Member of the U.S. House of Representatives from Tennessee's 1st district
- In office March 4, 1853 – December 25, 1853
- Preceded by: Andrew Johnson
- Succeeded by: Nathaniel G. Taylor

Speaker of the Tennessee House of Representatives
- In office 1845–1847
- Preceded by: Daniel L. Barringer
- Succeeded by: Landon Carter Haynes

Member of the Tennessee House of Representatives
- In office 1835–1839 1841–1846 1851–1853

Personal details
- Born: 1808 Washington County, Tennessee
- Died: December 25, 1853 (aged 44–45) Washington, D.C.
- Resting place: Providence Presbyterian Churchyard Greene County, Tennessee
- Party: Democratic
- Spouse: Mary (Morrow) Campbell

= Brookins Campbell =

American politician (1808–1853)

Brookins Campbell (1808 – December 25, 1853) was an American politician and a member of the United States House of Representatives for the 1st congressional district of Tennessee.

==Biography==
He was born in Washington County, Tennessee, in 1808. He attended the rural schools and graduated from Washington College, now known as Washington and Lee University, at Lexington. He studied law, was admitted to the bar, and practiced. He was a member of the Tennessee House of Representatives from 1835 to 1839, from 1841 to 1846, and from 1851 to 1853. He served as Speaker in 1845.

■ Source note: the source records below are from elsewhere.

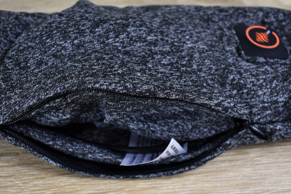 さっそく、同商品を首に巻いていきましょう。まずはチャック部分を開いて、USBプラグにバッテリーを装着。あとは電源ボタンを押せば、内部のヒーターが起動します。首に巻いてみたところ、うなじからポカポカと熱が伝わってきました。マフラーの生地がモコモコとした素材で作られているため、より温かく感じられるはず。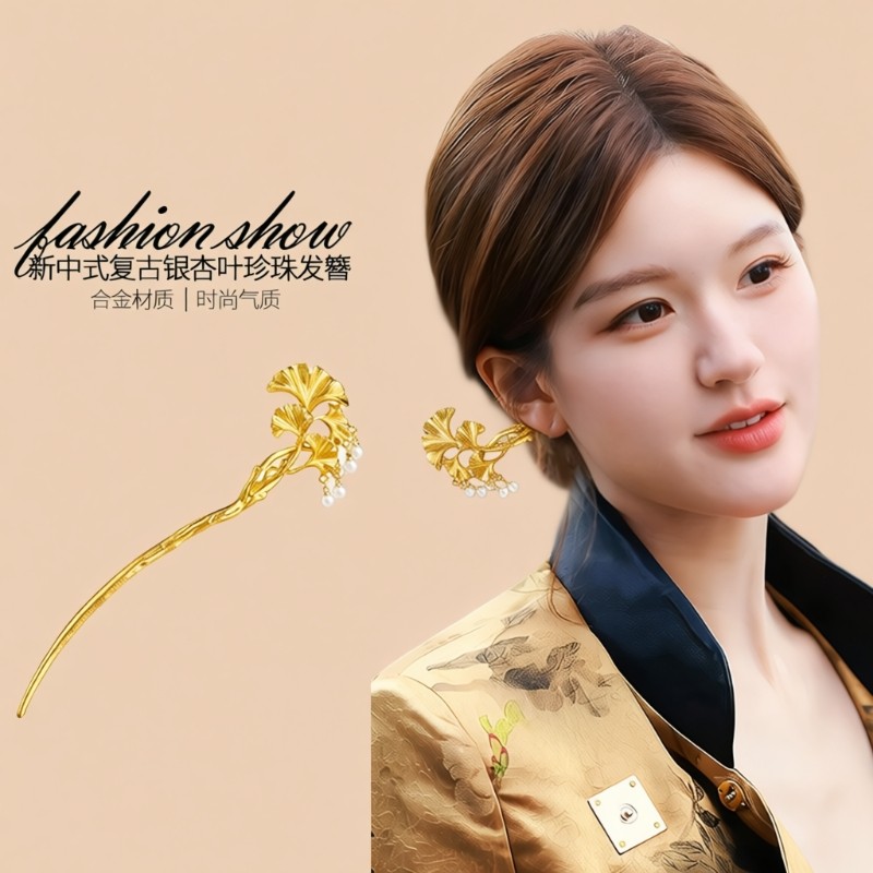 金色银杏叶发簪女新中式古风精致簪子精致气质发钗高级感盘发发饰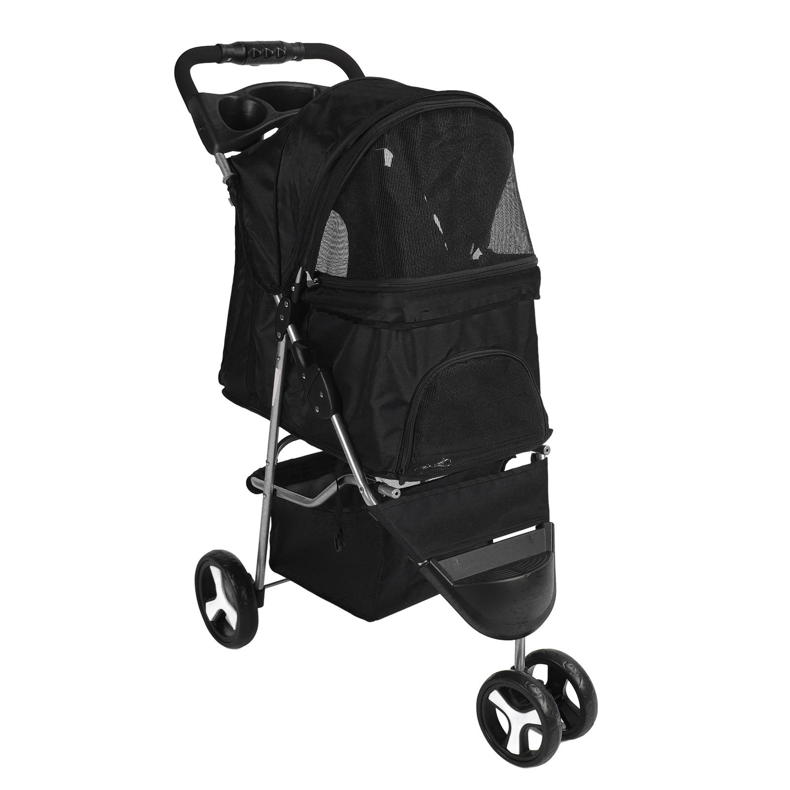 Pet Stroller Foldable Breathable Visible Mesh Dog Cat Carrier Cart with Storage Basket and Cup Holder for Outdoor Black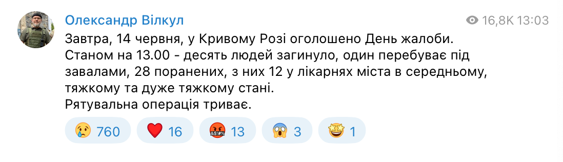 Сьогодні, 13 червня, російські окупаційні війська завдали сильного ракетного удару по Кривому Рогу. Станом на зараз кількість жертв зросла до десяти. Завтра в місті оголошено День жалоби.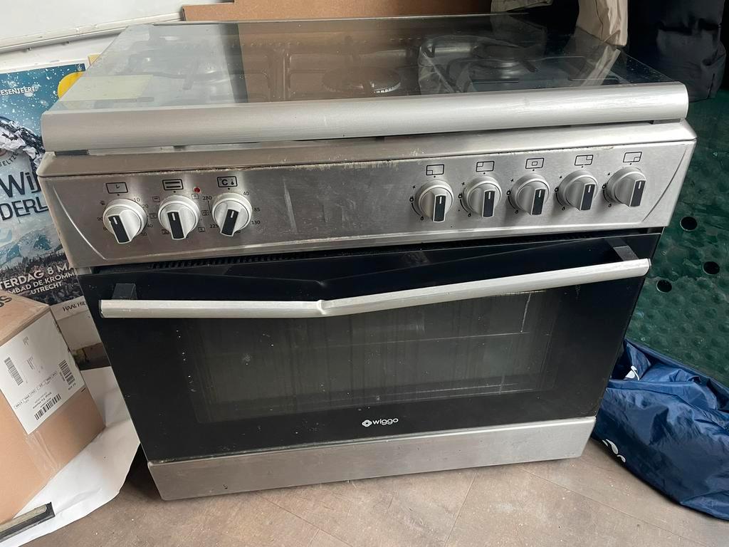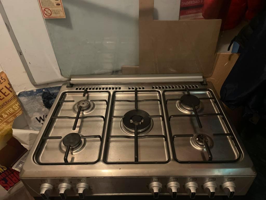 5 pits gasfornuis met oven. Het gasfornuis heeft lekstroom, maar als je handig bent zou het te repareren kunnen zijn. De hendel van de oven is ook gebogen en er missen 2 zwarte plaatjes op de gaspitje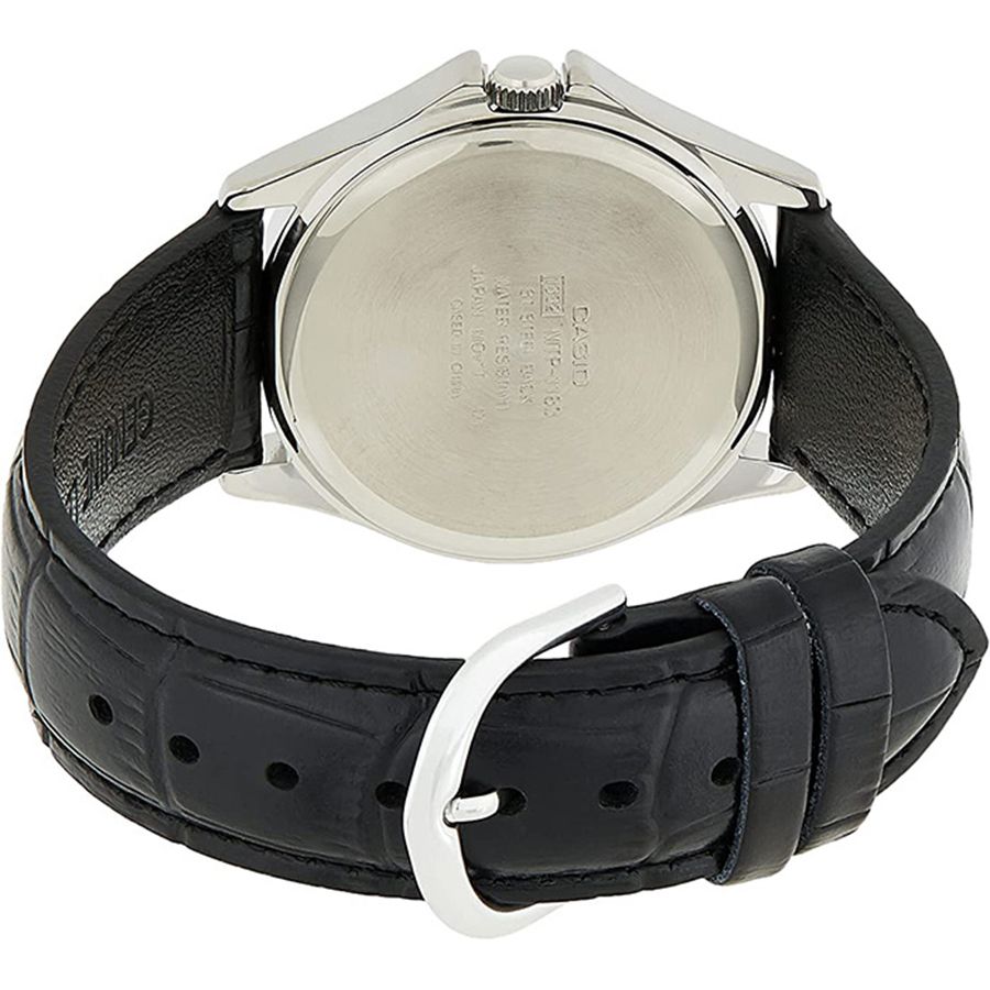 Мужские кварцевые аналоговые наручные часы. Серия Casio Collection. Центральные часовая, минутная и секундная стрелки. Белый циферблат с часовыми метками в виде штрихов. Окошко даты в положении 3 ч. Минутная шкала на циферблате. Устойчивое к мелким механическим повреждениям минеральное стекло. Круглый корпус серебристого цвета. Размер корпуса 38.5 мм на 42 мм, толщина 8.7 мм. Рифлёная переводная головка с защитой. Чёрный кожаный ремешок с классической застежкой buckle. Ширина ремешка 20мм, длина ремешка 205мм. Батарейка рассчитана на 3 года. Водонепроницаемость 30WR (защита от брызг). Вес около 45 г.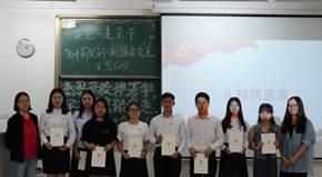 毕业生党员代表黎金燕同志、廖晋敏同志、刘英杰同志从实习经验、比赛经验及求职经历等方面分别做了分享,他们希望师弟师妹们重视自己的职业规划,提前做好相关准备;学会寻找比赛渠道,总结比赛经验,敢于挑战就是成功的一半,同时表达了对母校及师弟师妹的祝福。
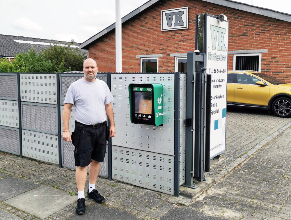 På en alvorlig baggrund har indehaveren af VK Smede- og Maskinværksted i Skovby fået monteret en hjertestarter på Ursusvej.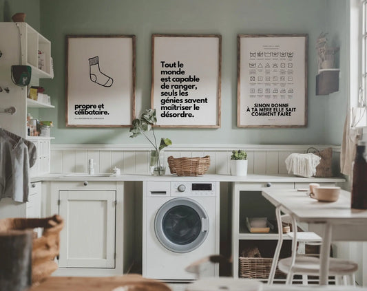 Affiche propre et célibataire - Affiche déco humour buanderie

During the Mexican–American War, he was appointed by President Polk in 1846 to be an assistant quartermaster to the Army with the rank of major. He was elected as a Democrat to the Thirty-third Congress and served from March 4, 1853, until his death in Washington, D.C., on December 25, 1853, without having qualified. He was interred in Providence Presbyterian Churchyard in Greene County, Tennessee.

==See also==
- List of members of the United States Congress who died in office (1790–1899)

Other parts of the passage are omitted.